Given material:
━━━━

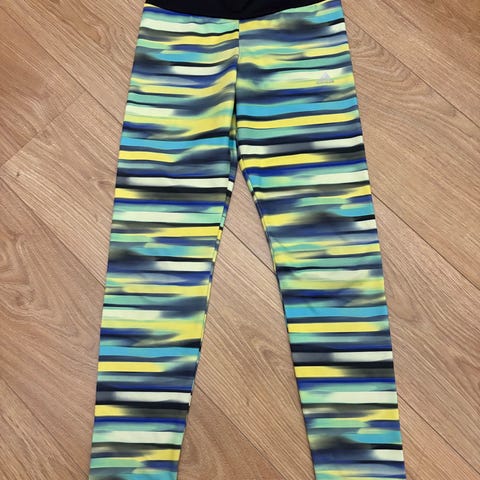 Kahdet legginsit, 150 cm. Adidas ja Monia. Yhteensä 4 euroa.
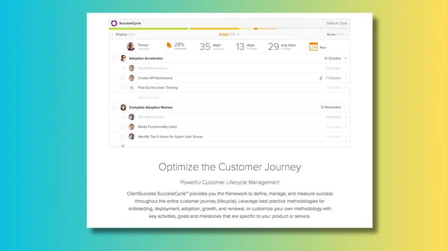 ClientSuccess is revolutionizing the way SaaS companies manage, retain, and grow their existing customer base. They offer a holistic, personal approach to managing success throughout the customer lifecycle. True Customer Success Management Platforms provide actionable insights, rich customer analytics, and best practices to reduce customer churn, increase revenue, and maximize customer lifetime value. They believe SaaS is more than software and service. ClientSuccess is more than just a reporting tool that users turn to once or twice a week. It is a true customer management platform that offers a powerful solution for frontline customer success managers and actionable insights for executives.
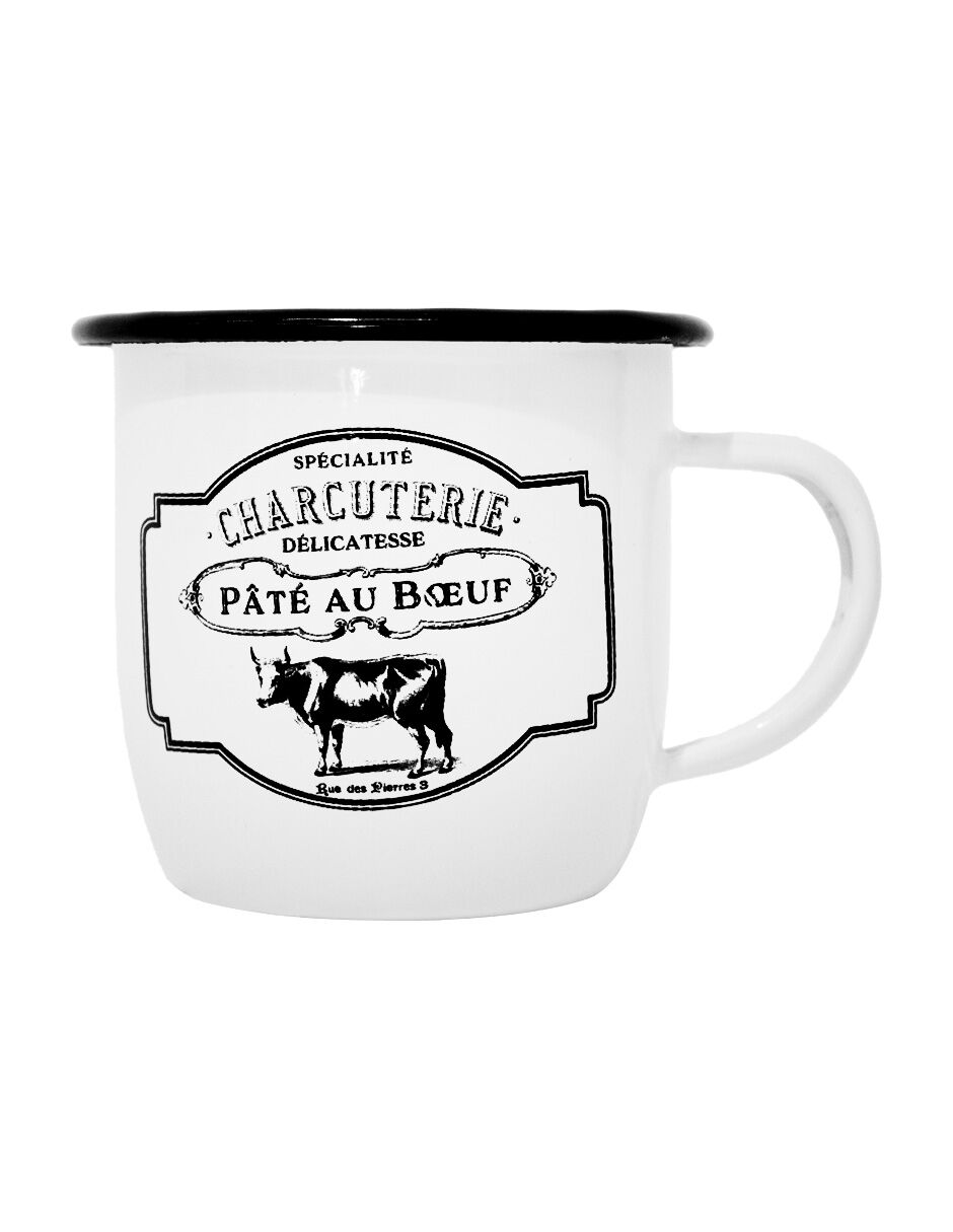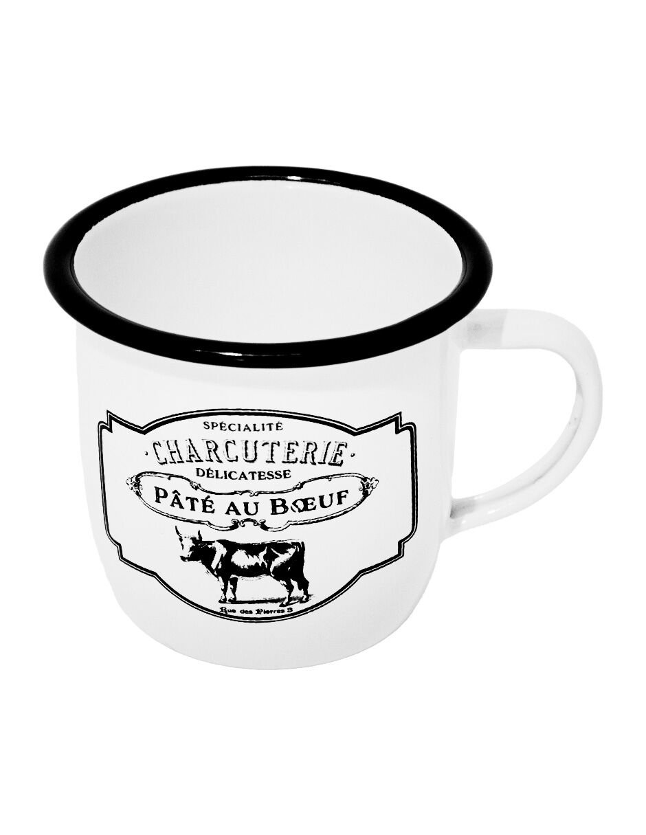 Disfruta tu bebida con un toque rústico. Esta taza de peltre blanca con estampado de vaca y diseño francés es perfecta para tu cocina. Su diseño te hará sentir la calidez y la autenticidad de la vida en la granja. Mide 9x9x8.5cm.

━━━━

About this exercise: Could you print the data exactly as it appears and keep the pictures out?

Exercise output:
 Kahdet legginsit, 150 cm. Adidas ja Monia. Yhteensä 4 euroa.
 ClientSuccess is revolutionizing the way SaaS companies manage, retain, and grow their existing customer base. They offer a holistic, personal approach to managing success throughout the customer lifecycle. True Customer Success Management Platforms provide actionable insights, rich customer analytics, and best practices to reduce customer churn, increase revenue, and maximize customer lifetime value. They believe SaaS is more than software and service. ClientSuccess is more than just a reporting tool that users turn to once or twice a week. It is a true customer management platform that offers a powerful solution for frontline customer success managers and actionable insights for executives.
 Disfruta tu bebida con un toque rústico. Esta taza de peltre blanca con estampado de vaca y diseño francés es perfecta para tu cocina. Su diseño te hará sentir la calidez y la autenticidad de la vida en la granja. Mide 9x9x8.5cm.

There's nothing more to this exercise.